Je vous l’accorde, ce n’était pas mon moment le plus éloquent sur scène. Je n’avais pas non plus l’intention d’offenser quiconque, mais quand je suis vraiment en feu ou frustrée, j’ai tendance à reprendre la langue qui m’a été léguée par les générations antérieures de Texans. Je balance des chats, les choses me restent en travers de la gorge et je suis « en train de me défaire ». Ces régressions surviennent normalement quand je suis en famille ou avec des amis, mais à l’occasion, quand je me sens irritable, elles m’échappent alors que je suis sur scène.
J’ai entendu et utilisé l’expression « balancer un chat » toute ma vie, et je n’avais jamais pensé que plusieurs parmi les milliers de spectateurs nombreux m’imaginaient frapper des gens imbus d’eux-mêmes avec un vrai félin. À ma défense, en réponse à de nombreux courriels envoyés par des membres du public qui croyaient que la cruauté envers les animaux ne cadrait pas avec mon message de vulnérabilité et de connexion, j’ai appris que l’expression n’avait rien à voir avec les animaux. C’est en fait une référence de la Marine britannique à la difficulté de se servir d’un chat à neuf queues6 dans les quartiers étroits d’un navire. Je sais.
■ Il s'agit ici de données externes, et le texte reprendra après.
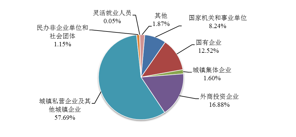 缴存职工中,国家机关和事业单位占8.24%,国有企业占12.52%,城镇集体企业占1.60%,外商投资企业占16.88%,城镇私营企业及其他城镇企业占57.69%,民办非企业单位和社会团体占1.15%,灵活就业人员占0.05%,其他占1.87%;中、低收入占92.33%,高收入占7.67%。
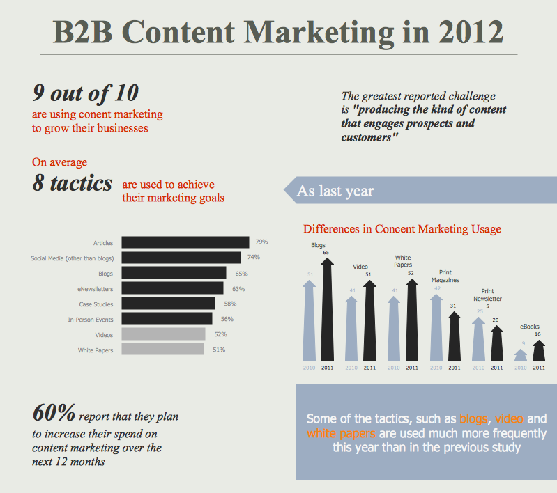 The popularity of visual content marketing grows day by day. So now simple and convenient designing of professional looking Content Marketing Infographics becomes increasingly actual. For achievement this goal ConceptDraw DIAGRAM software offers the Marketing Infographics Solution from the Business Infographics Area.
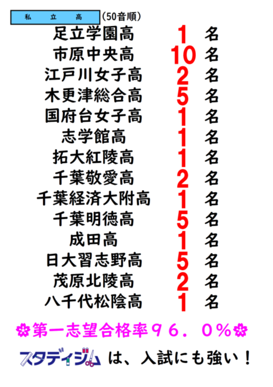 | 市進学院スタディジム高校受験合格実績速報! | |

Pas formidable non plus.
Dans cet exemple en particulier, « balancer un chat » a été déclenché lorsqu’une femme dans l’audience a crié : « Les jeunes de nos jours croient qu’ils sont si spéciaux. Qu’est-ce qui fait que tant de gens se tournent vers le narcissisme ? » Ma réponse moins que brillante frôla l’impertinence : « Ouais, vous ne pouvez pas balancer un chat sans frapper un narcissique. » Mais cela provient d’une frustration que je ressens quand j’entends le terme narcissisme utilisé à tort et à travers. Facebook est tellement narcissique. Pourquoi les gens croient-ils que ce qu’ils font est si important ? Les jeunes aujourd’hui sont tous narcissiques. C’est toujours moi, moi, moi. Ma patronne est tellement narcissique. Elle se pense meilleure que tout le monde et est toujours en train de dénigrer les gens.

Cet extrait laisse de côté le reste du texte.